O Tribunal de Contas dos Municípios, na sessão realizada por meio eletrônico, determinou a formulação de representação ao Ministério Público Estadual contra o ex-prefeito Manoel Afonso Mangueira de Pilão Arcado, no Vale do São Francisco, a 740 km de Salvador, em razão da prática de nepotismo, no exercício de 2019. A decisão, aprovada por unanimidade, foi apresentada pelo conselheiro Paolo Marconi, relator do voto condutor no processo. Ele constatou a procedência de arte fundamental da denúncia formulada junto ao TCM, contra o ex-prefeito, por um cidadão do município. Por isso, além de responder a processo por improbidade administrativa, caso denunciado à Justiça pelo MPE, o ex-prefeito terá que pagar multa de R$5 mil como punição administrativa.

Segundo a denúncia, as nomeações de 33 servidores teriam para o exercício de cargos em comissão e prestação de serviços temporários eram fruto de nepotismo e de troca de favores em benefício político. Os vínculos familiares seriam tanto com o ex-prefeito, quanto com outros servidores (vice-prefeito, secretários municipais, procurador jurídico e vereadores pertencentes à base aliada), além de parentes também da então primeira dama.

Do tal das nomeações, o TCM identificou 15 contratações que afrontam o ordenamento jurídico e caracterizam claro nepotismo.

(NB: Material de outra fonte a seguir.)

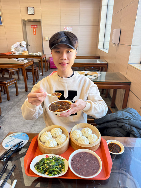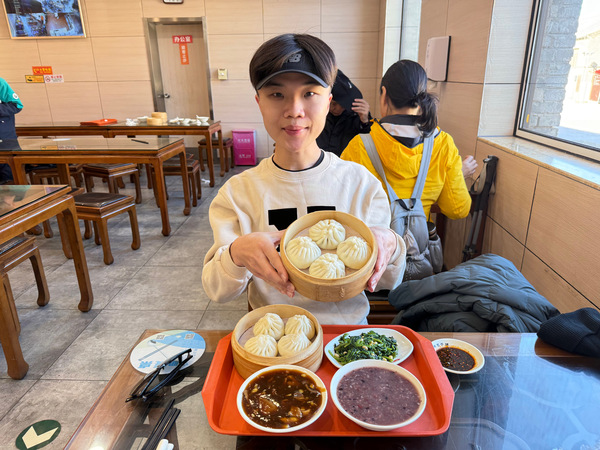 徒步下山除了最省時,也能趕上早已買好,返回市區的高鐵,更能逛逛山腳下的紀念品店、吃個熱騰騰的食物充飢補暖。因此下山後,先是買杯霸王茶姬的伯牙絕弦,犒賞自己一番之外,亦在門市林立北京街頭的慶丰包子舖,享用麵皮蓬鬆柔軟、肉餡濃郁鮮美的精品豬肉大蔥包,以及稠糯鹹香的地道特色:炒肝等菜品後,結束這天八達嶺半日遊,心滿意足、收穫滿溢的乘坐高鐵返回市區。盱衡這趟北平之旅,嚐到的菜色、造訪的餐廳不勝枚舉,就早餐部分也接連造訪紫光園、尹三豆汁,甚至也發現以往造訪的澳門瑪嘉烈,擴點至CBD,對北京朋友來說可謂是一大福音,而當地朋友則認為,倘若名氣響徹的小楊生煎包,能繼南下擴展至深圳後,北上到京城擴點,必然能讓市場多分選擇。

São elas as de Arthur Vinicius Brandão Rocha, Luzia de Queiroz Albuquerque Borges, Viviane Borges Gomes Melo, Yasmin Geaninne de Souza Medeiros, Allan Rogério de Queiroz Albuquerque, Maria Diva Borges Medeiros, Taise Silva Lira, Lidiane Ferreira Barrence, Reinaldo Nonato dos Santos, Deivid Fonseca Borges, Luiz Gustavo Fonseca Borges, Marques Antônio do Vale Silva, Elisangela Fonseca Borges, Geoflávio Pereira Borges e Hagamenon Mangueira,

Por sua vez, o então prefeito, embora tenha pedido dilação de prazo, não apresentou defesa nem refutou os vínculos parentais, motivo pelo qual presumem-se verdadeiros os laços familiares com os servidores nomeados para os cargos em comissão.

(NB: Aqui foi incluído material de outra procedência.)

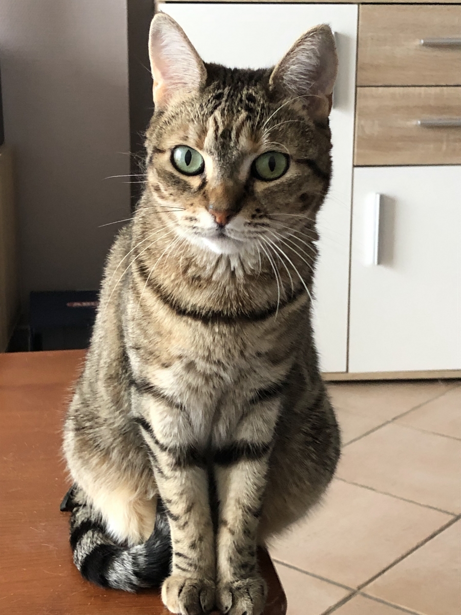 Early est une chatte recueillie errante voilà plusieurs années ; traumatisée par l'abandon, elle a un caractère un peu difficile et ne doit pas être brusquée ; elle est peureuse, anxieuse, et a besoin d'équilibre et de calme. Lorsqu'elle n'est pas stressée, elle est capable d'être câline avec un humain. Son placement est une urgence.

O relator explicou que a Súmula nº 13 do STF proíbe a nomeação de parente em linha reta, colateral ou por afinidade até o terceiro grau, de servidores investidos em cargos de direção/chefia, para o exercício de cargo em comissão ou de confiança ou, ainda, de função gratificada na administração pública direta.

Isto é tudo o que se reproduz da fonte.